Novel Mechanisms Targeted by Drug Trials in Pulmonary Arterial Hypertension

David F Condon  1 Stuti Agarwal  2 Ananya Chakraborty  2 Natasha Auer  2 Rocio Vazquez  2 Hiral Patel  2 Roham T Zamanian  2 Vinicio A de Jesus Perez  3
Affiliations
Review

Novel Mechanisms Targeted by Drug Trials in Pulmonary Arterial Hypertension

David F Condon et al. Chest. 2022 Apr.

Abstract

Pulmonary arterial hypertension (PAH) is a rare disease associated with abnormally elevated pulmonary pressures and right heart failure resulting in high morbidity and mortality. Although the prognosis for patients with PAH has improved with the introduction of pulmonary vasodilators, disease progression remains a major problem.
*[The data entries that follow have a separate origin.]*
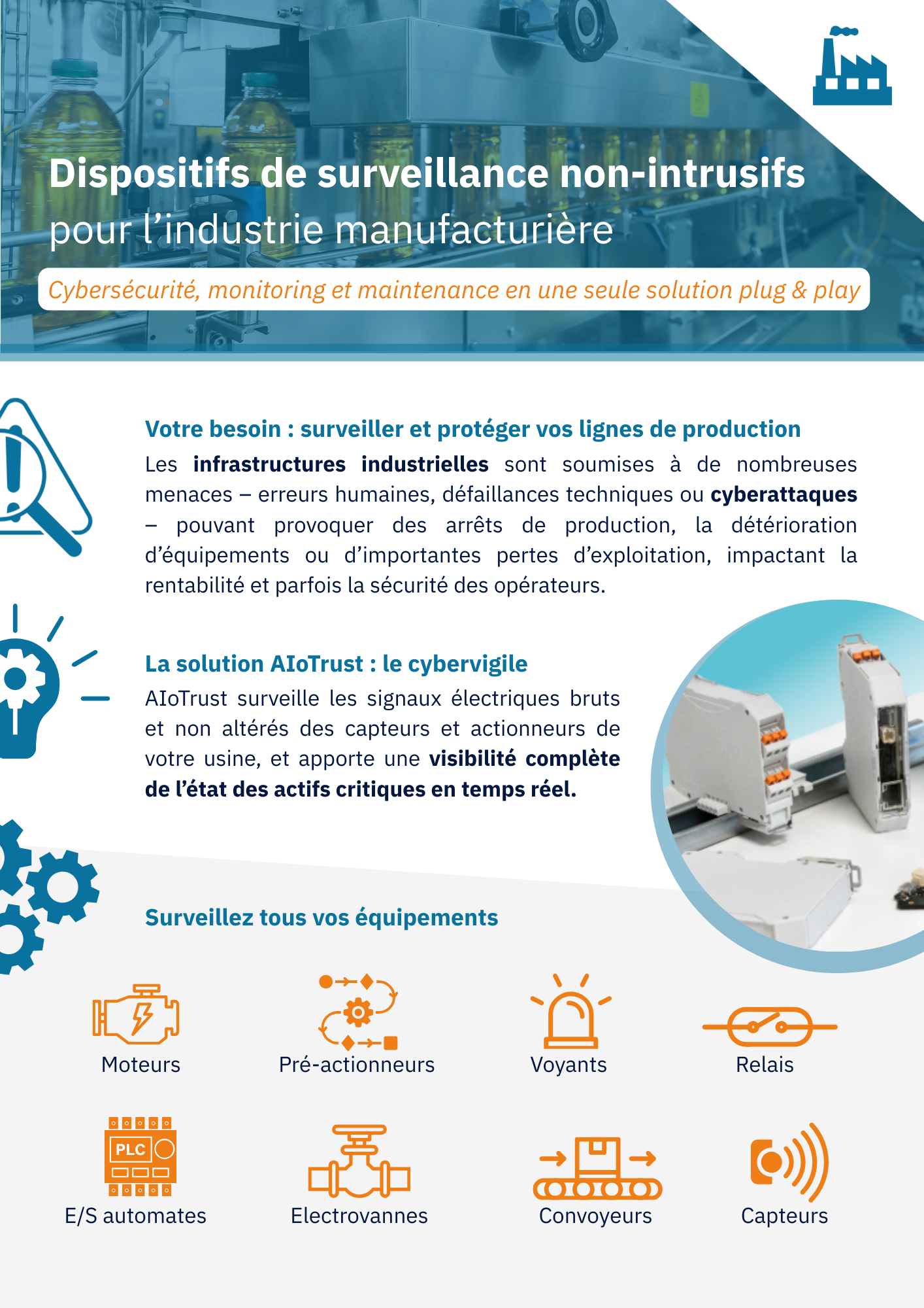 La solution AIoTrust s’installe sans intrusion, en quelques minutes, et vous permet de surveiller, de détecter et d’alerter en temps réel, indépendamment du SCADA ou des automates, en cas de sabotages ou défaillances techniques.
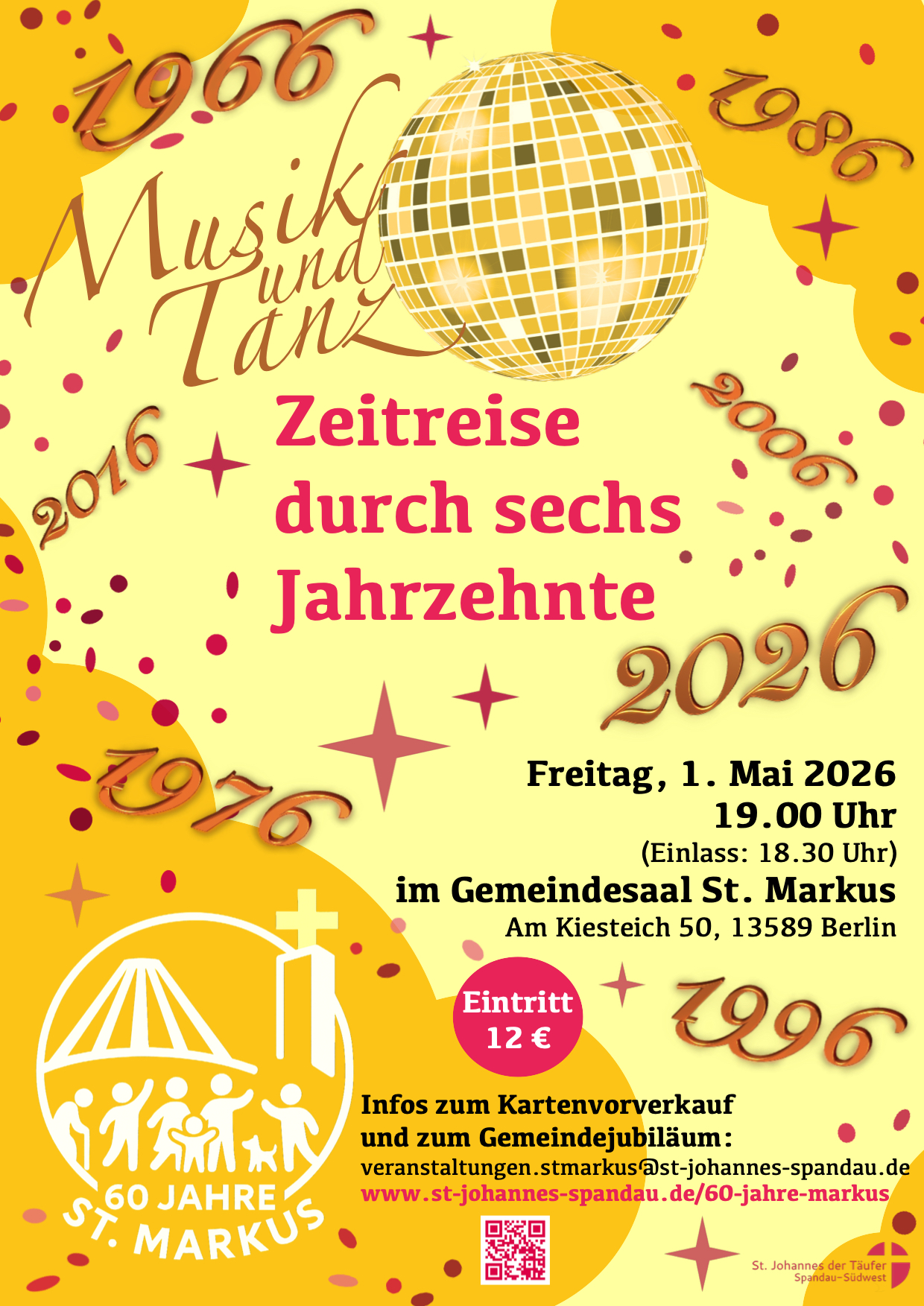 im Gemeindesaal von St. Markus (Am Kiesteich 50) starten wir eine Zeitreise durch die letzten sechs Jahrzehnte - mit Musik und Tanz.
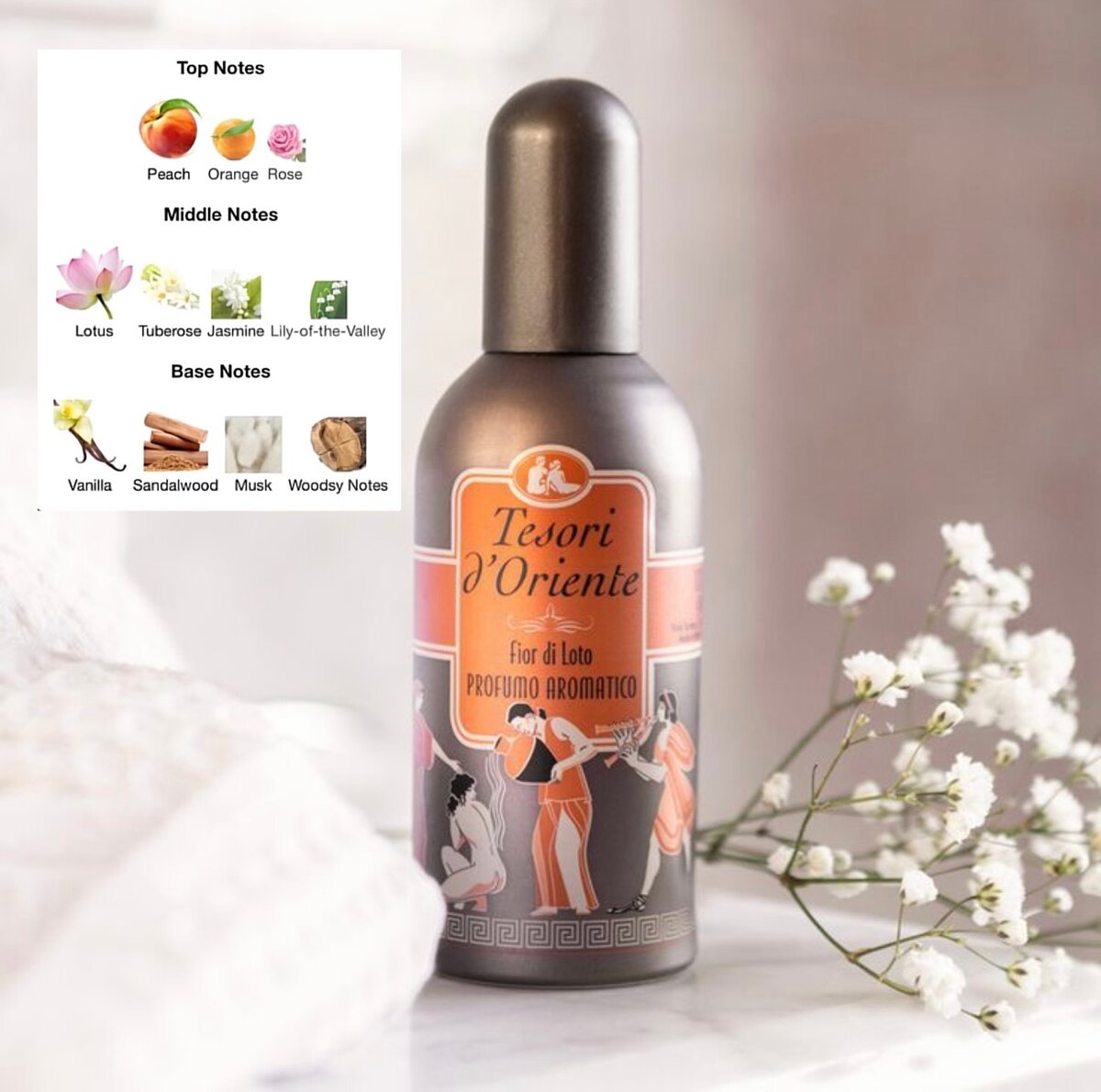 Découvrez le parfum envoûtant Tesori d'Oriente Fior di Loto. Ses notes de pêche, lotus et vanille créent une ambiance apaisante et raffinée. Idéal pour un usage quotidien, ce parfum est parfait pour sublimer votre style avec élégance et sophistication.
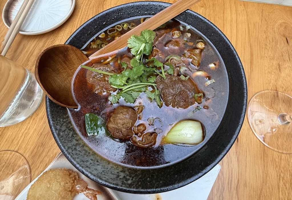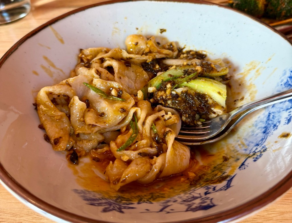 For a main we ordered Stewed Brisket with hand-pulled noodles that comes in a savoury I soy broth and Cumin Beef Noodles with onion and pepper. Both were substantial and we never got through them all. We were asked if we wanted to take them and we would have but timing wasn’t great.
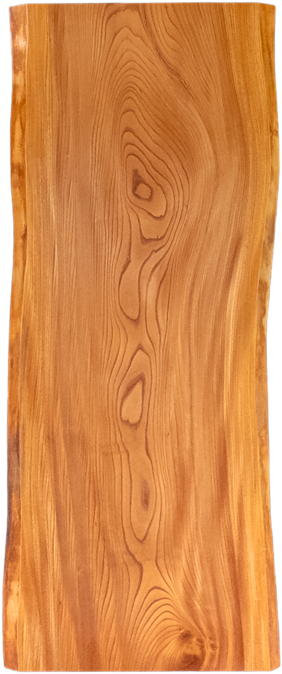 細身で美しい欅の一枚板です。枯山水のような木目が高級感を生み、どこから見ても絵になる一枚。しっかりとした厚みが重厚感を生み、所有欲を満たしてくれます。
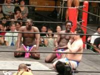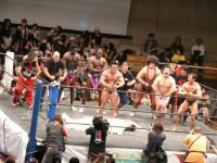 試合後、東郷のペディグリーを食らいそうになったメガネ(コミッショナー代行)が失禁。

Given that available therapies are inadequate for preventing small-vessel loss and obstruction, there is active interest in identifying drugs capable of targeting angiogenesis and mechanisms involved in the regulation of cell growth and fibrosis. Among the mechanisms linked to PAH pathogenesis, preclinical studies have identified promising compounds that are currently being tested in clinical trials. These drugs target seven of the major mechanisms associated with PAH pathogenesis: bone morphogenetic protein signaling, tyrosine kinase receptors, estrogen metabolism, extracellular matrix, angiogenesis, epigenetics, and serotonin metabolism. In this review, we discuss the preclinical studies that led to prioritization of these mechanisms, and discuss completed and ongoing phase 2/3 trials using novel interventions such as sotatercept, anastrozole, rodatristat ethyl, tyrosine kinase inhibitors, and endothelial progenitor cells, among others. We anticipate that the next generation of compounds will build on the success of the current standard of care and improve clinical outcomes and quality of life for patients with PAH.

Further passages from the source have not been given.